## Directions
Starting with the line that holds "Heerlijke ovenschotel van" and stopping after the line that holds "Skrivbord och stol", repeat the lines below word for word, without the pictures.

Records drawn from a dataset:
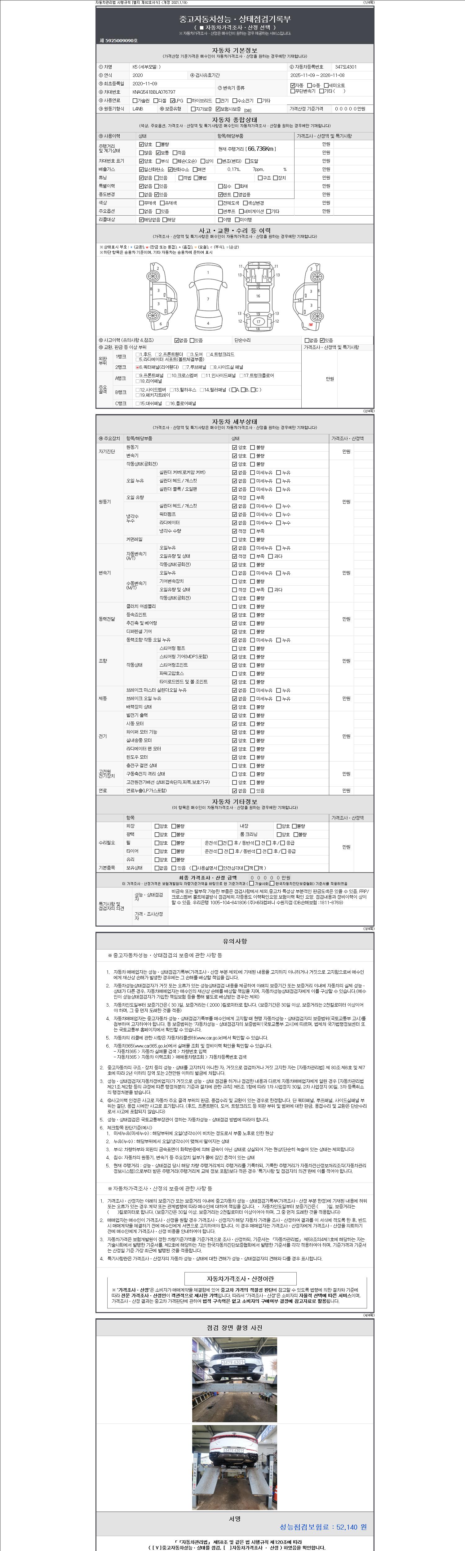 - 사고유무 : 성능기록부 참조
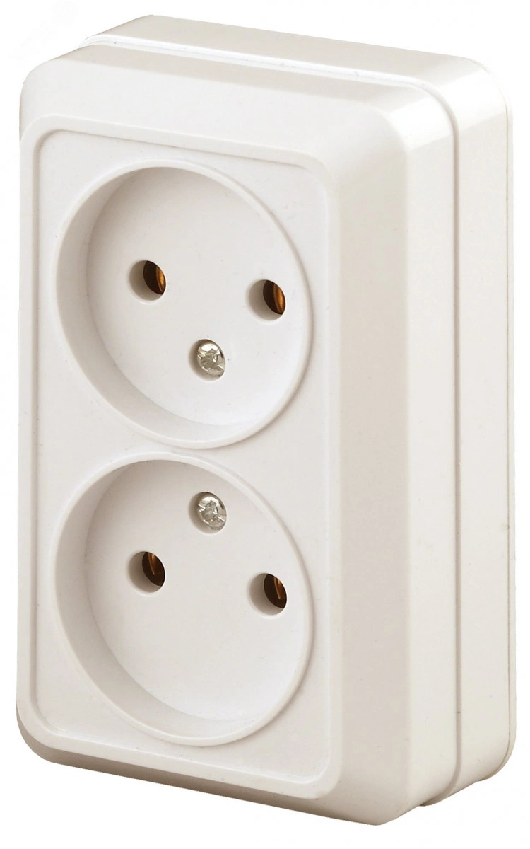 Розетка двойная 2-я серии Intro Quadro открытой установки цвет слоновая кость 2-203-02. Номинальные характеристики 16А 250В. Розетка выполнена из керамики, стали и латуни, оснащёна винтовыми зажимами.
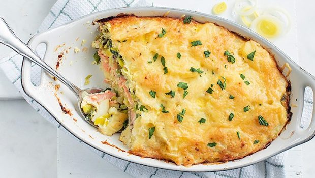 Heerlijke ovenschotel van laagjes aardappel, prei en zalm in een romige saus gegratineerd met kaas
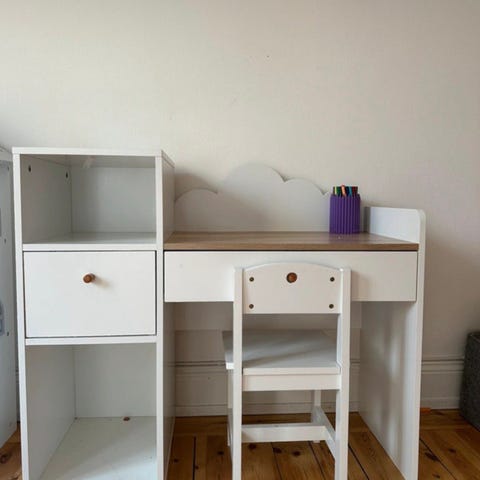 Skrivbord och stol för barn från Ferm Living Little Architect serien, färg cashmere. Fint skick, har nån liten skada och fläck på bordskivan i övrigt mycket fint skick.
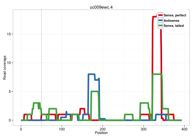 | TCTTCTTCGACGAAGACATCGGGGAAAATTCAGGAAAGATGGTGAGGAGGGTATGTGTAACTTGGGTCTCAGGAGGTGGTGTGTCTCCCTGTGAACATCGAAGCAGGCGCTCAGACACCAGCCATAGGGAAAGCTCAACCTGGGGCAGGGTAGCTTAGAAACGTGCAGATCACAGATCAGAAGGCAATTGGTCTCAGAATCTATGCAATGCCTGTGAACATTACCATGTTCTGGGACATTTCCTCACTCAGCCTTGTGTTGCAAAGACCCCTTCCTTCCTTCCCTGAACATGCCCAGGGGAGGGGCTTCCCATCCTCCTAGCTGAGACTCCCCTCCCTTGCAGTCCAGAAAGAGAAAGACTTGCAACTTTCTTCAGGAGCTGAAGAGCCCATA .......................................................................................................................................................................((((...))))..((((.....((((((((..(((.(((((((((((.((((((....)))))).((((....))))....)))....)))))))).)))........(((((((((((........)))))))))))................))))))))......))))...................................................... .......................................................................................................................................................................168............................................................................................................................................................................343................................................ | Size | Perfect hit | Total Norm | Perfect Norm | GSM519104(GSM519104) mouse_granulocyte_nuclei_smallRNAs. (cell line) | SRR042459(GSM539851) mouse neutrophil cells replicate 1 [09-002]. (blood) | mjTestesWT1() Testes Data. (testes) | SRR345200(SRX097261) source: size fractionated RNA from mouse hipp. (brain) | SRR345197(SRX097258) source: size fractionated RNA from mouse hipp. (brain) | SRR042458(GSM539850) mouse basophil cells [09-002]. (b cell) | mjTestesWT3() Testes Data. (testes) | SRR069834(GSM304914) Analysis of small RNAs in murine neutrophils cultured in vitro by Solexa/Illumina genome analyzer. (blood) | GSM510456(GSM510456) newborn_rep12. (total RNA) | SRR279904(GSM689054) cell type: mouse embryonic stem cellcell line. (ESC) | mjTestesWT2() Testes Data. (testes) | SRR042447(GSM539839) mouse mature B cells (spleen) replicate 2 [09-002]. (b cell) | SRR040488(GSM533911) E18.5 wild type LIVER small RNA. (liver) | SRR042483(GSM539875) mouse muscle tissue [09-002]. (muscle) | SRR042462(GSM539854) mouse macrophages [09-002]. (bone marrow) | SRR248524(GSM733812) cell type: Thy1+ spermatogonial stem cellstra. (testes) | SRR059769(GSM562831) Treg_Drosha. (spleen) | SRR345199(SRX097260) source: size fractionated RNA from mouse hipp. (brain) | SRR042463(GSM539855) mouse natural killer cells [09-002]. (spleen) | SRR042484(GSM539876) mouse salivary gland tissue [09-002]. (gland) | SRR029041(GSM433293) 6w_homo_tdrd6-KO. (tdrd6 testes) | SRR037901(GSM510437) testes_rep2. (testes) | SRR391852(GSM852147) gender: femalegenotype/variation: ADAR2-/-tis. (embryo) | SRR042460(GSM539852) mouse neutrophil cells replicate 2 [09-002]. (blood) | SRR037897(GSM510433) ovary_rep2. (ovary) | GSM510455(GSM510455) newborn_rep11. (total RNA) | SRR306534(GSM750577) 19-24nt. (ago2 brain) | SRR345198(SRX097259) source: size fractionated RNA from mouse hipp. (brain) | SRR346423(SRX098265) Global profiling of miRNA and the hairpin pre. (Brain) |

## Written response
 Heerlijke ovenschotel van laagjes aardappel, prei en zalm in een romige saus gegratineerd met kaas
 Skrivbord och stol för barn från Ferm Living Little Architect serien, färg cashmere. Fint skick, har nån liten skada och fläck på bordskivan i övrigt mycket fint skick.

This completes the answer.